Compare the population in the first and last available year (use the Y-axis to display years).

Set the chart with a height of 800 and a width of 500, assign a fairly high opacity to the markers and make them larger.

Add information about the country and population when hovering over each marker.

In [33]:
data

Unnamed: 0,Country,Year,fertility,life,population,child_mortality,gdp,region
0,Afghanistan,1964,7.671,33.639,10474903.0,339.7,1182.0,South Asia
1,Afghanistan,1965,7.671,34.152,10697983.0,334.1,1182.0,South Asia
2,Afghanistan,1966,7.671,34.662,10927724.0,328.7,1168.0,South Asia
3,Afghanistan,1967,7.671,35.170,11163656.0,323.3,1173.0,South Asia
4,Afghanistan,1968,7.671,35.674,11411022.0,318.1,1187.0,South Asia
...,...,...,...,...,...,...,...,...
10106,Åland,2002,,81.800,26257.0,,,Europe & Central Asia
10107,Åland,2003,,80.630,26347.0,,,Europe & Central Asia
10108,Åland,2004,,79.880,26530.0,,,Europe & Central Asia
10109,Åland,2005,,80.000,26766.0,,,Europe & Central Asia


In [34]:
fdata = data[data['Year'].isin([2013,1964])]

In [35]:
# calculate delta pop

# 1. Sort by Country and Year
fdata_sorted = fdata.sort_values(['Country', 'Year'])

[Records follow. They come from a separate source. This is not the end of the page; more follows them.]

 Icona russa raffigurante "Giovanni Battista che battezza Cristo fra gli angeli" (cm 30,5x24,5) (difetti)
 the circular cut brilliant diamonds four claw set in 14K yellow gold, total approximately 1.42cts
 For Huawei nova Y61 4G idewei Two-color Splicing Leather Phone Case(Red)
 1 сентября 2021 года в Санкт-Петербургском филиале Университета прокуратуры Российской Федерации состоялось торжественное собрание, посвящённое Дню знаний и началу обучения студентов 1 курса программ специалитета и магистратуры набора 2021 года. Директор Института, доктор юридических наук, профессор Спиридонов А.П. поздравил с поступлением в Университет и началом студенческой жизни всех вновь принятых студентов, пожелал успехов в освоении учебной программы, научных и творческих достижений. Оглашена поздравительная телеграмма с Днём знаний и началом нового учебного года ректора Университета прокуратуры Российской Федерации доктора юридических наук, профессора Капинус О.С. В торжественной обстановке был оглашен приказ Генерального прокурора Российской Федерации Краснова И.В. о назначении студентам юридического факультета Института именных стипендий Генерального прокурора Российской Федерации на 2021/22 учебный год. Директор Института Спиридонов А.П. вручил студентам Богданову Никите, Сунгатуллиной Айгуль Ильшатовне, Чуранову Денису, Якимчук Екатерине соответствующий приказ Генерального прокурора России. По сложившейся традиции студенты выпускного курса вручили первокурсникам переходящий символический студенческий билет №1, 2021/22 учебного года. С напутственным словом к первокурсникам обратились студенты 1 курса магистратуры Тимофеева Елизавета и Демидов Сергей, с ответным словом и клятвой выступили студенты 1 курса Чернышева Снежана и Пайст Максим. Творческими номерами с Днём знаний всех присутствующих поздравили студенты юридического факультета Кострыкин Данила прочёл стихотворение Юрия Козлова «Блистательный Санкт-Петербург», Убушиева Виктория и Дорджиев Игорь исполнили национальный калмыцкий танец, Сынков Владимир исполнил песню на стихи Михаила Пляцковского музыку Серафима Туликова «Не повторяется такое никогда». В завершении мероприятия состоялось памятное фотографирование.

# 2. Calculate first and last population for each Country
fdata_sorted['first_population'] = fdata_sorted.groupby('Country')['population'].transform('first')
fdata_sorted['last_population'] = fdata_sorted.groupby('Country')['population'].transform('last')

# 3. Calculate percentage change
fdata_sorted['percent_change'] = (fdata_sorted['last_population'] / fdata_sorted['first_population']) * 100

# 4. Find the maximum year for each Country
fdata_sorted['max_year'] = fdata_sorted.groupby('Country')['Year'].transform('max')

# 5. Now you have a table like this:
# Columns: Country, Year, population, first_population, last_population, percent_change, max_year, ...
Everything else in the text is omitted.